··· DATASET EXCERPT
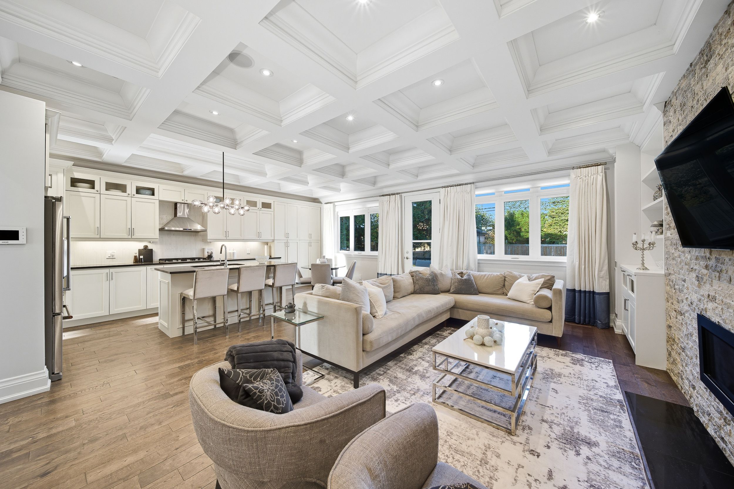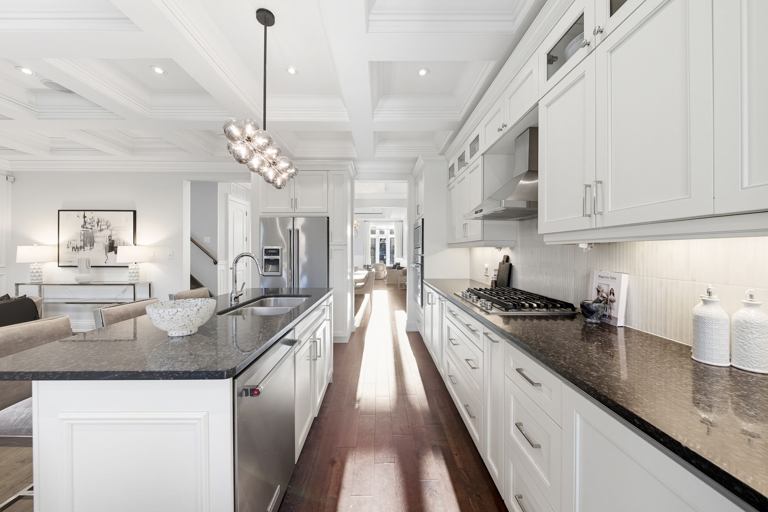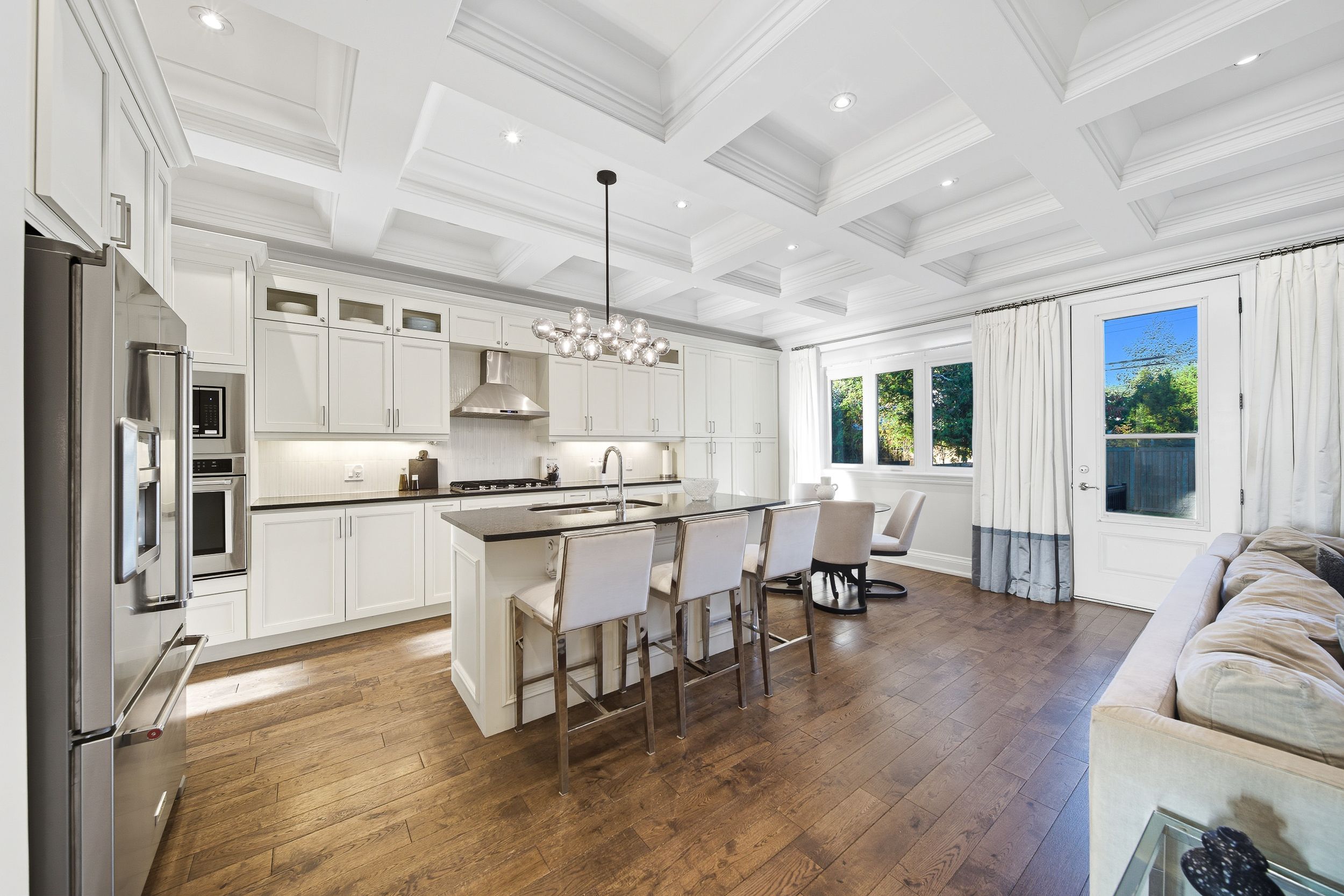 Tucked into a quiet stretch of the prestigious scarborough bluffs, 115 dorset road is a family-owned custom home built with care. With roughly 4,100 sq ft of finished space over three sun-filled levels, this 4-bedroom plus guest suite, 5-bath home pairs timeless finishes with modern comforts. Solid construction, the home is remarkably quiet inside. In the area for rh king academy, fairmont, and st agatha amongst other schools, groceries, shoppers drugmart, and other amenities are around the corner, making this an ideal location. Inside, the home includes ten-foot ceilings, rich hardwood floors, custom woodwork, a high-efficiency gas fireplace, and a family room elevated with a classic waffle ceiling and custom built-ins. The home is built for effortless living indoors and outdoors. Four generous bedrooms on the second level provide ample space for a family, and four skylights fill the home with natural light. A full laundry room on this level makes chores easy. The walk-out lower level delivers bonus living space. With its walk-out access to the backyard and kitchen rough-in, the lower level is ideal for an in-law/nanny suite or a basement rental unit. The home is equipped with an upgraded security system and is serviced by a 200-amp electrical panel. Beyond the walls, the setting is ideal. Cliffcrest is a family-friendly pocket known for quiet streets and access to nature. The scarborough bluffs are minutes away. All amenities are around the corner, and transit is easy with ttc buses and nearby go stations. Its rare to find a family-owned home like this one, delivering both luxury and warmth.
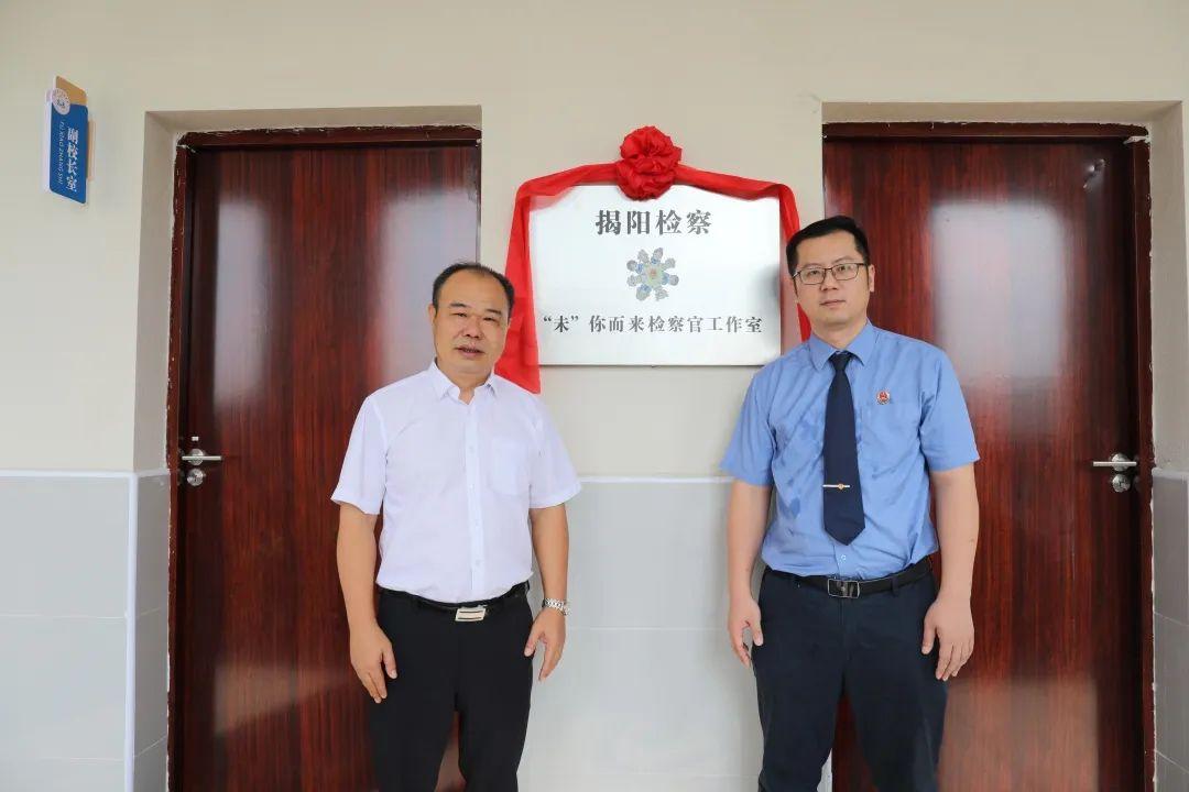 活动结束后,吴桂武副检察长和区教育局党组成员张锐军,共同出席了该校“揭阳检察‘未’你而来检察官工作室”的揭牌仪式。仪式上,双方一致表示将合力推进“法治进校园”活动,共同为揭东未成年人的身心健康成长保驾护航。
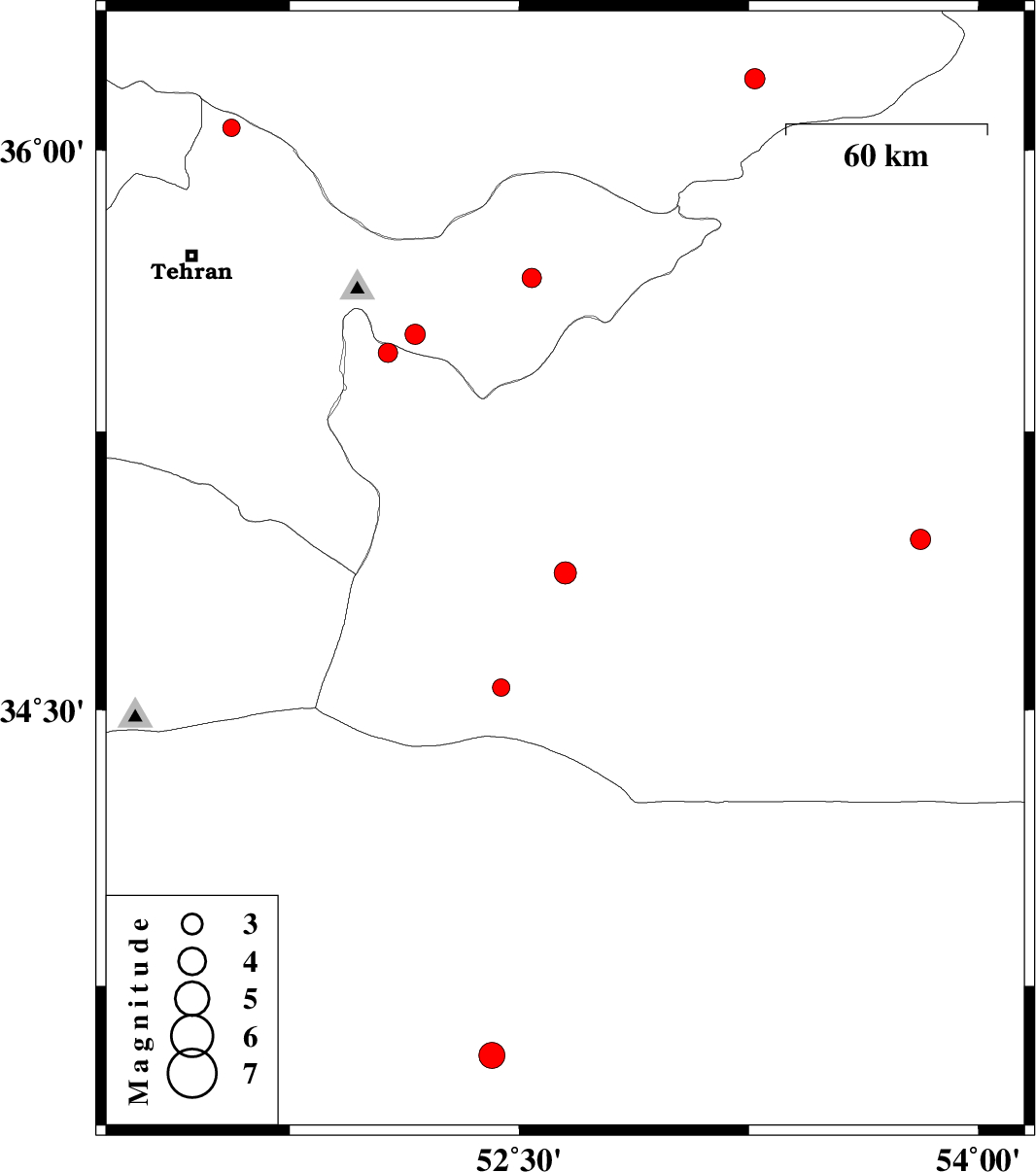 | 2011/05/08 | 04:02:58.5 | 08:32:58.5 | 34.87 | 52.65 | 15 | ML:3.2 | Semnan Province, 49 km South-East of Garmsar | ||
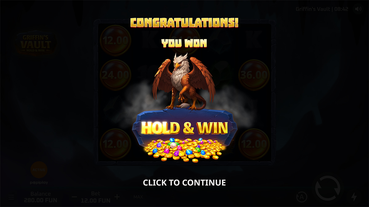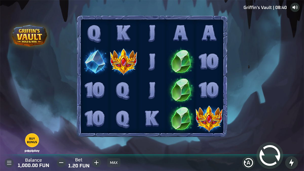 Griffin’s Vault does not include a traditional free spins bonus round. Instead, the main bonus experience centers around the Hold & Win feature with respins. This mechanic delivers a similar level of excitement and reward potential without a standard free spins format.
······
**EXERCISE REQUIREMENTS:** Any picture in the listing above gets left out; output the rest exactly.

**ANSWER BOX:**
 Tucked into a quiet stretch of the prestigious scarborough bluffs, 115 dorset road is a family-owned custom home built with care. With roughly 4,100 sq ft of finished space over three sun-filled levels, this 4-bedroom plus guest suite, 5-bath home pairs timeless finishes with modern comforts. Solid construction, the home is remarkably quiet inside. In the area for rh king academy, fairmont, and st agatha amongst other schools, groceries, shoppers drugmart, and other amenities are around the corner, making this an ideal location. Inside, the home includes ten-foot ceilings, rich hardwood floors, custom woodwork, a high-efficiency gas fireplace, and a family room elevated with a classic waffle ceiling and custom built-ins. The home is built for effortless living indoors and outdoors. Four generous bedrooms on the second level provide ample space for a family, and four skylights fill the home with natural light. A full laundry room on this level makes chores easy. The walk-out lower level delivers bonus living space. With its walk-out access to the backyard and kitchen rough-in, the lower level is ideal for an in-law/nanny suite or a basement rental unit. The home is equipped with an upgraded security system and is serviced by a 200-amp electrical panel. Beyond the walls, the setting is ideal. Cliffcrest is a family-friendly pocket known for quiet streets and access to nature. The scarborough bluffs are minutes away. All amenities are around the corner, and transit is easy with ttc buses and nearby go stations. Its rare to find a family-owned home like this one, delivering both luxury and warmth.
 活动结束后,吴桂武副检察长和区教育局党组成员张锐军,共同出席了该校“揭阳检察‘未’你而来检察官工作室”的揭牌仪式。仪式上,双方一致表示将合力推进“法治进校园”活动,共同为揭东未成年人的身心健康成长保驾护航。
 | 2011/05/08 | 04:02:58.5 | 08:32:58.5 | 34.87 | 52.65 | 15 | ML:3.2 | Semnan Province, 49 km South-East of Garmsar | ||
 Griffin’s Vault does not include a traditional free spins bonus round. Instead, the main bonus experience centers around the Hold & Win feature with respins. This mechanic delivers a similar level of excitement and reward potential without a standard free spins format.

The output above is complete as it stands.